That is what I first came to mind when I saw the above picture that was taken at my son Rocky's wedding April the 25th – just a few months ago.

I like black & white photos…. It fools the viewer by keeping my red nose a secret.

Hello Good Looking? Hmmm? I heard that expression before and I couldn’t quiet remember where… it seems there was more to it.

Hello Good Looking…. Wait! I know! The full sentence was:

“Hello Good Looking! Where have you been all my life?”

After he said that he told my neighbor Sheryl he was coming looking for her in his Cadillac and carry her away.

He told Sheryl that in about 1988 near the pharmacy department in Echards’ Drug Store on Sandy Plains Road in Marietta. Sheryl said it was Elvis Presley. She really said that and she was serious.

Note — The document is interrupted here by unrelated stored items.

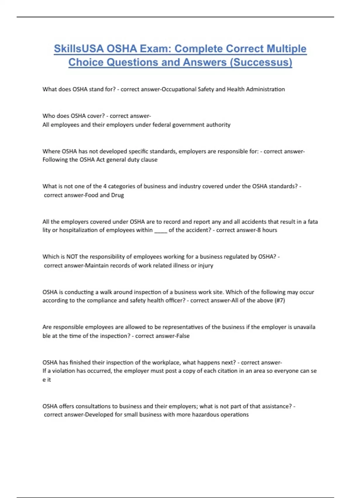 SkillsUSA OSHA Exam: Complete Correct Multiple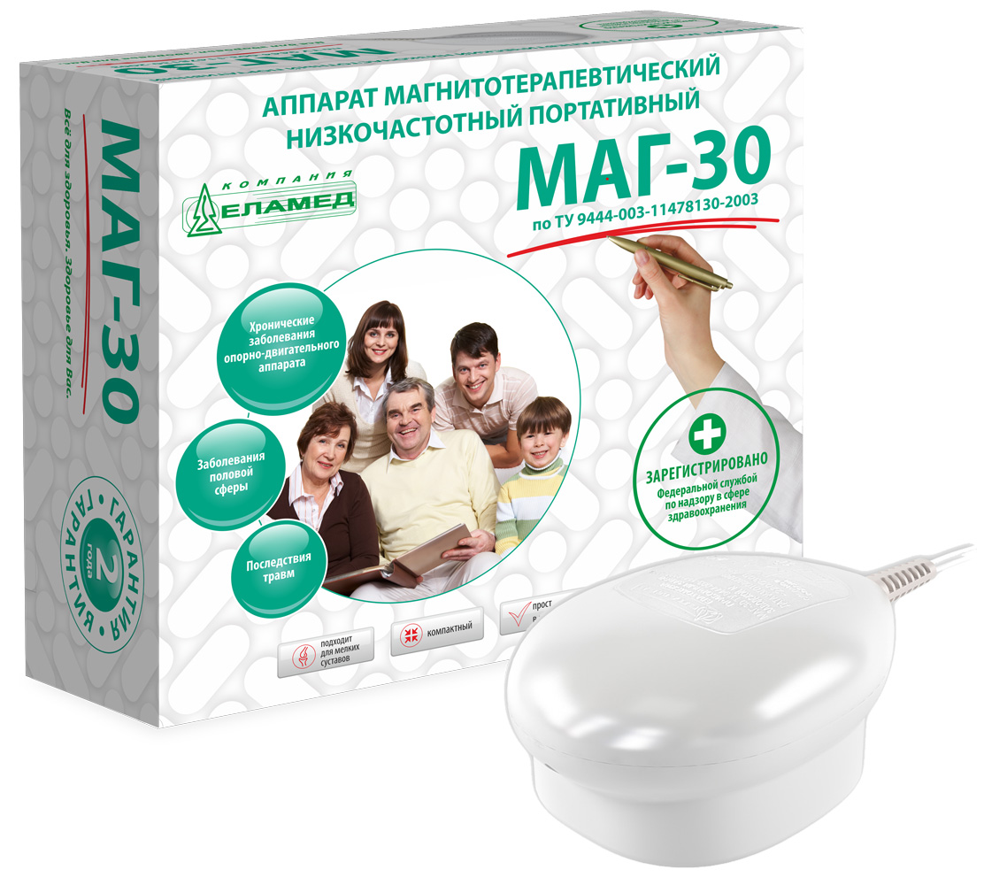 Магнитотерапевтический низкочастотный портативный аппарат МАГ-30 предназначен для оказания терапевтического воздействия на организм человека переменным неоднородным магнитным полем.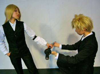 ネタ@ 兄(ミュンヘン)に刀を謙譲する弟(マフィア) よくみたら抜き身を素手で持っている二人。 さ、さすがエルリック兄弟!!(違) |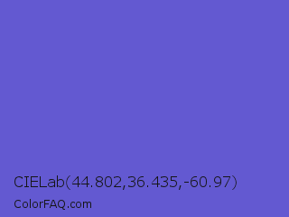 CIELab 44.802,36.435,-60.97 Color is a normal indigo color and the nearest color is Slate Blue #6a5acd. Hex code #6359d1 and RGB value is rgb(99,89,209). In RGB color space, this color is composed of 39% red, 35% green, 82% blue, In CMYK color space, this color is composed of 53% cyan, 57% magenta, 0% yellow , 18% black , In HSL color space, this color has a hue angle of 245° , 57% saturation and 58% lightness.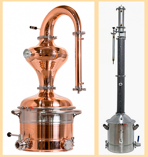 Выбор не в качестве, а в финальном продукте, который вы хотите получить. Представьте, что вы перегоняете яблочную брагу: Аспект Медный аламбик (шлем) Колонна (БК/РК) Вкус и аромат Напиток будет ПАХНУТЬ ЯБЛОКАМИ. Вы почувствуете букет: спелые яблоки, легкие цветочные и травяные нотки. Вкус полный, округлый, сложный. Напиток будет ПАХНУТЬ СПИРТОМ. Чистым, нейтральным. Аромат яблок будет удален на 90-95%. Вкус прямолинейный, чистый, без «тела». Крепость выхода 65-75% (после 2-й перегонки) 85-92% (БК за 1 раз) / 96% (РК) Чистота Органолептическая чистота (приятный вкус без оттенков серы/бражки) благодаря меди. Но сивушные масла остаются — они и формируют характер. Абсолютная, лабораторная чистота от сивушных масел. Спирт как дистиллированная вода во вкусо-ароматическом плане. Процесс Медленный, интуитивный, «ремесленный». Контроль по температуре и, в основном, по запаху. Технологичный, требующий расчетов. Контроль по точным температурам и флегмовому числу. Что можно сделать с п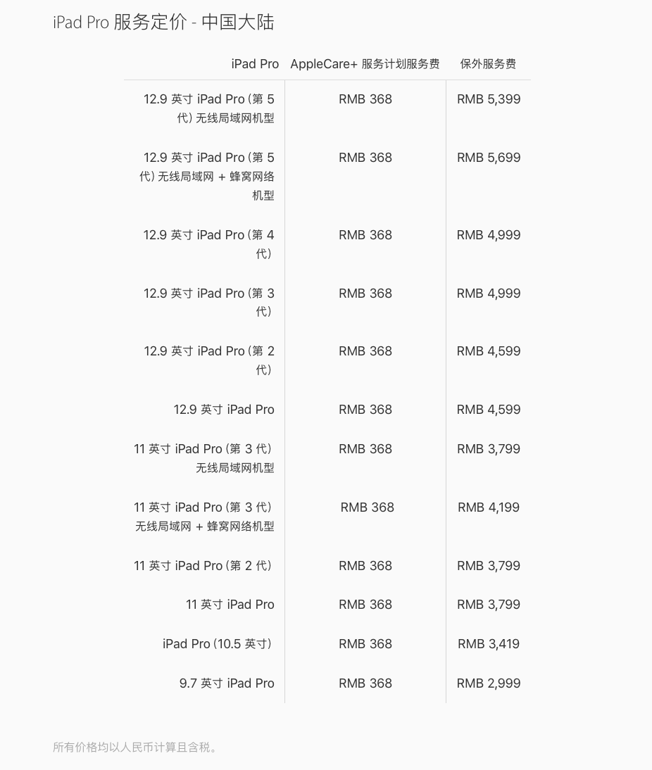 需要更换iPad Pro,如果设备有Apple Care+费用为RMB 368,如果设备没有AppleCare+费用可查询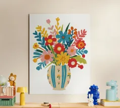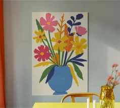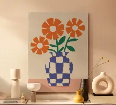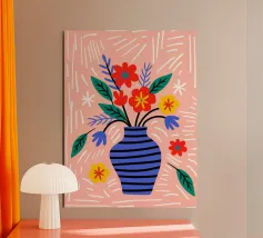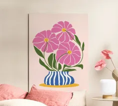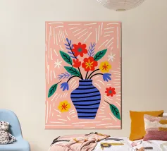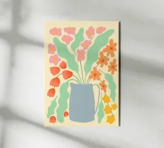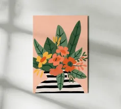 A vibrant bouquet of flowers in warm shades of red and pink, framed by green leaves and a striped vase design. This motif radiates joie de vivre and elegance and brings a touch of nature into your home. Perfect for products such as wall murals, cushions, mugs or mobile phone cases, this floral design is a stylish addition to any room or an ideal gift for flower lovers.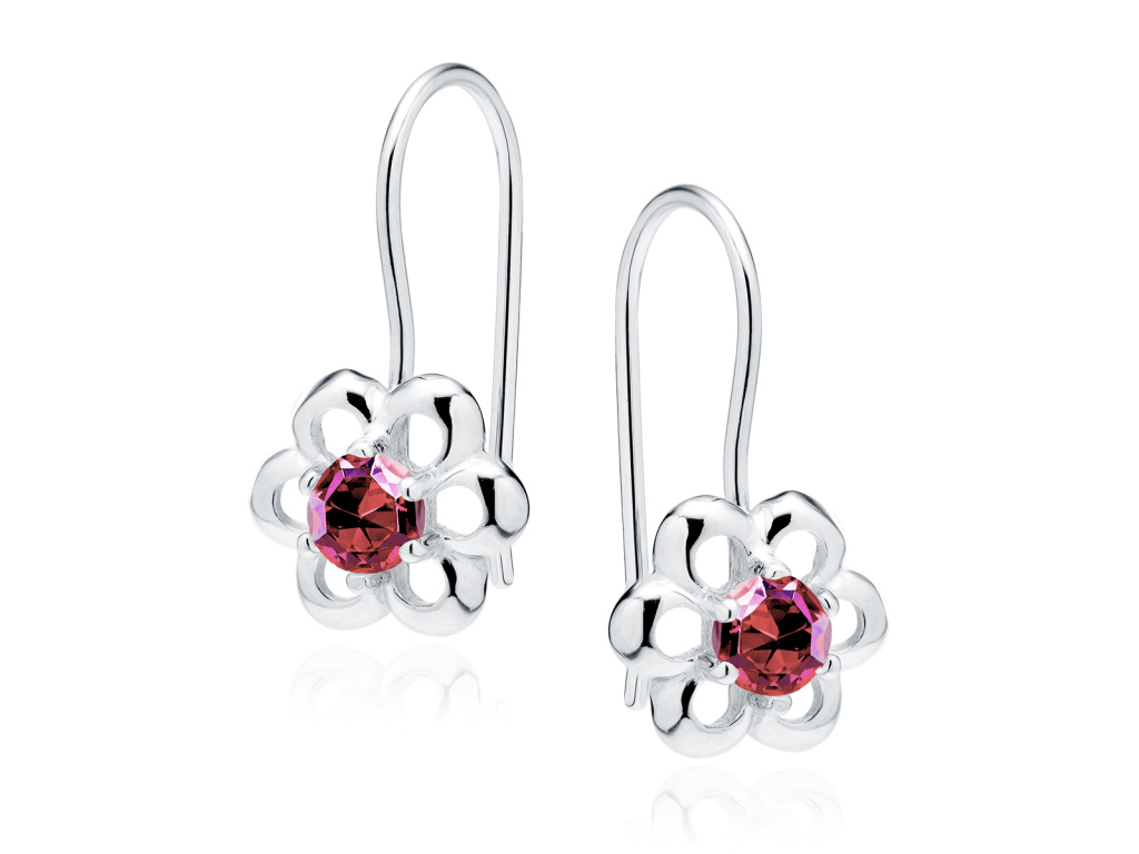 1627 Detské strieborné náušnice KVÍTEK RUBY Ag 925; ≤1,1 g.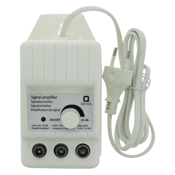 Cet amplificateur d’antenne à 2 sorties renforce votre signal de manière optimale. Placez l’amplificateur dans votre installation existante pour éviter les perturbations et les parasites dus à un signal affaibli. La sortie 1 renforce le signal coax entrant jusqu’à maximum 10 dB, tandis que la sortie 2 renforce le signal jusqu’à maximum 6 dB. Il vous incombe de paramétrer vous-même les deux sorties. Pratique: l’amplificateur d’antenne Q-link possède une alimentation intégrée. Une fois installé, vous ne devez plus vous en soucier.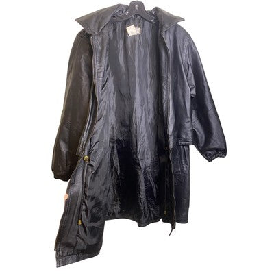 Vintage Venezia Vitale Leather Trench Coat Womens 3XL Full Zip Draw String Black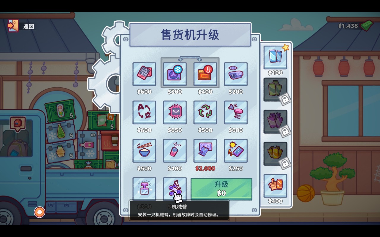 在这款经营模拟游戏里,你可以买下或租下一台售货机,摸清不同街区的消费口味,盯紧当季的热销爆款,再从商店进货上架——

And to give this story an extra punch, Sheryl died about a couple of days later. Her body was found by her husband days later. Her husband was absorbed in his work at several little stores he owned and didn’t drop by his house often. Her body was well preserved, Sheryl was an inside of person who didn’t go out often and kept her air conditioner temperature down very low.

Now, a little more spice: The day of Sheryl’s funeral a long sparkling shiny Cadillac cruised our neighborhood.

Wait! There is more! Years later Sarah and Bill bought the house. Their dog was terrified at something in the house. Sheryl finally materialized in front of Bill. Bill described what she looked like and how she acted and we said, “Yep, that was Sheryl!”

Sarah and Bill asked the children of the previous owners and they said the ghost of Sheryl was no secret in their family, she was around a lot.

After a while of showing up here and there in the house Sarah said that enough was enough and called a non-Catholic priest to come and perform an Exorcism…. Or as they later called it, “A House Blessing”.

I think after that, if I remember right Sheryl made a final appearance to Bill and told him that all was ok, she forgave him… and poof!

Nevermore.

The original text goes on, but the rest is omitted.